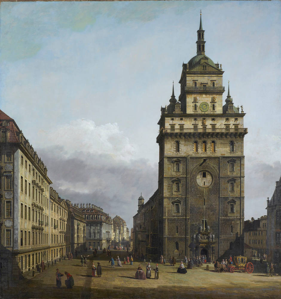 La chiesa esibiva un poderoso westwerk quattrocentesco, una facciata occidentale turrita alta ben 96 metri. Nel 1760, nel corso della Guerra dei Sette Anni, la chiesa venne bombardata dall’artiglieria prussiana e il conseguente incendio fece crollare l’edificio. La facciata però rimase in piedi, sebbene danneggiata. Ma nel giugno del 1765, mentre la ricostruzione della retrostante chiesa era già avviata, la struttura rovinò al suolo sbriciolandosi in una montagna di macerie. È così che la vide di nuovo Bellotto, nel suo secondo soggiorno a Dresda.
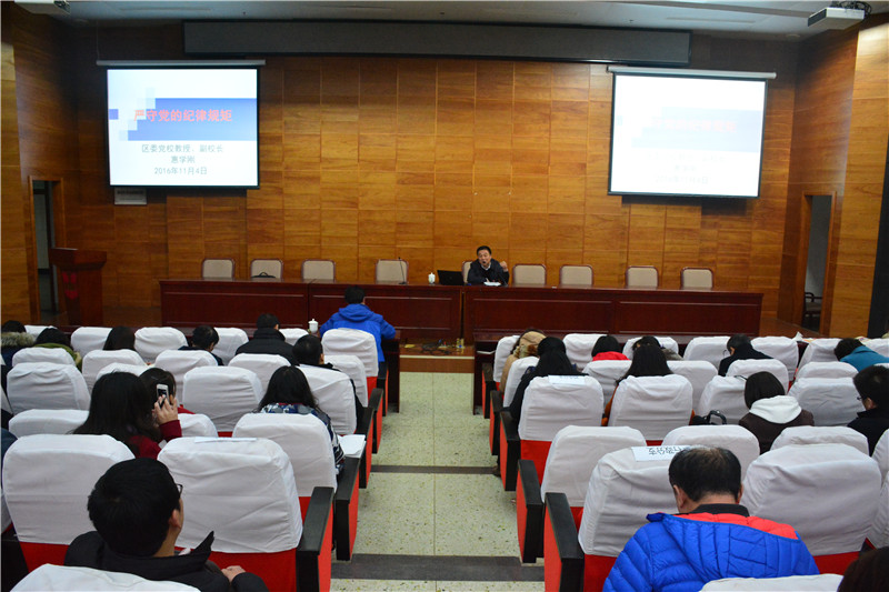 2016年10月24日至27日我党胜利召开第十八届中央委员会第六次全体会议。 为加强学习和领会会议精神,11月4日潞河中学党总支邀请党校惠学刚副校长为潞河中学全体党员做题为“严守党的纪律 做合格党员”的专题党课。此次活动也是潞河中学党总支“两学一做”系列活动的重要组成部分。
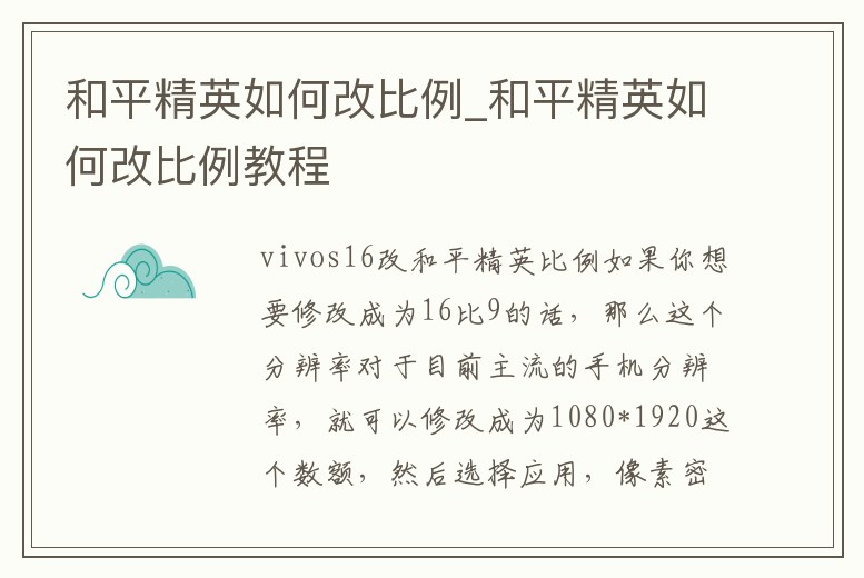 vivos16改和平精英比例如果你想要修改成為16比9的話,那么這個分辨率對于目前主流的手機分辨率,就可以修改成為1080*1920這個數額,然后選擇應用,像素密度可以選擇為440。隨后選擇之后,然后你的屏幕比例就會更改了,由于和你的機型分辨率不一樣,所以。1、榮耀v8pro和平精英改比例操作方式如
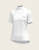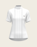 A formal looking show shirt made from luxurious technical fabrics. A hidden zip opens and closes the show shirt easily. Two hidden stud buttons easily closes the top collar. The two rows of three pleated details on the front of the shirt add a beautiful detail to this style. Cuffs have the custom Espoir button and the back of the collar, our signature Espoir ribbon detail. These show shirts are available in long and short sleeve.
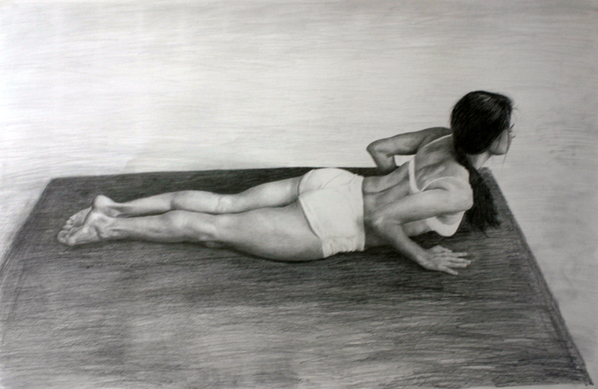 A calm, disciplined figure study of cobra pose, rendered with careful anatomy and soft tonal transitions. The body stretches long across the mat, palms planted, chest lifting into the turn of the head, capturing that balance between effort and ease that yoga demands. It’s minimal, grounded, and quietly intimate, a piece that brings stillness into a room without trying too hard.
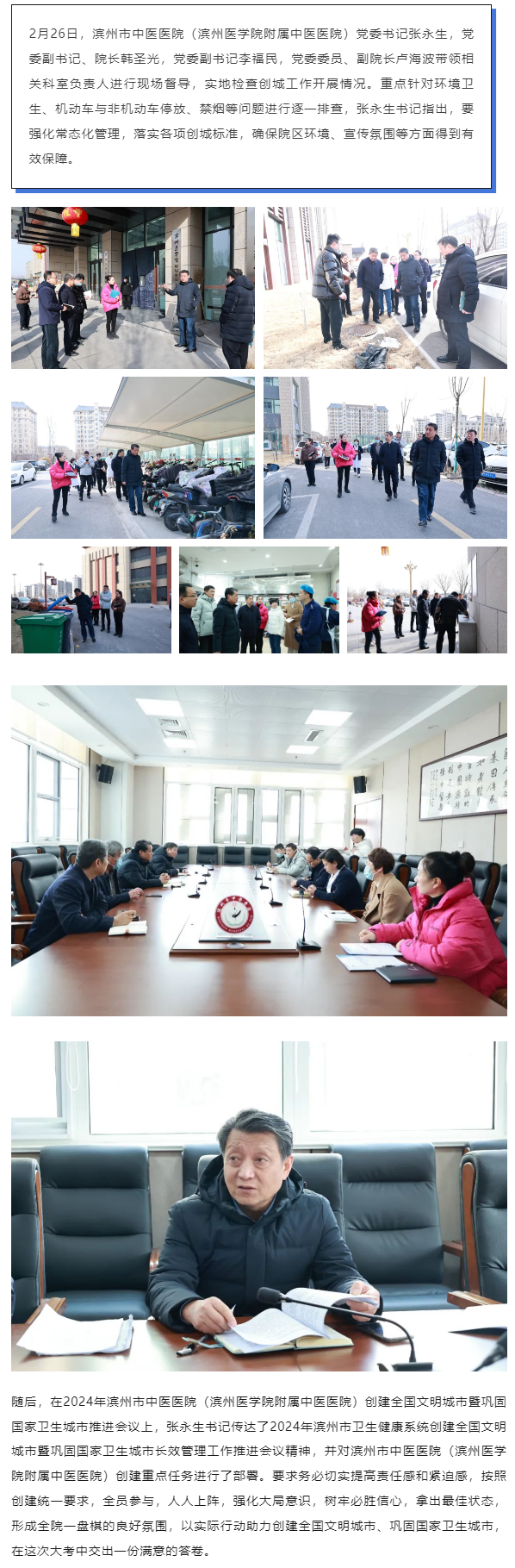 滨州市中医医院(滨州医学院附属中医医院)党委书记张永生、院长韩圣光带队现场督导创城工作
━━━━
In your copy, include no pictures and only the lines from the line with "A calm, disciplined" through the final line of the listing above, reproduced exactly.

 A calm, disciplined figure study of cobra pose, rendered with careful anatomy and soft tonal transitions. The body stretches long across the mat, palms planted, chest lifting into the turn of the head, capturing that balance between effort and ease that yoga demands. It’s minimal, grounded, and quietly intimate, a piece that brings stillness into a room without trying too hard.
 滨州市中医医院(滨州医学院附属中医医院)党委书记张永生、院长韩圣光带队现场督导创城工作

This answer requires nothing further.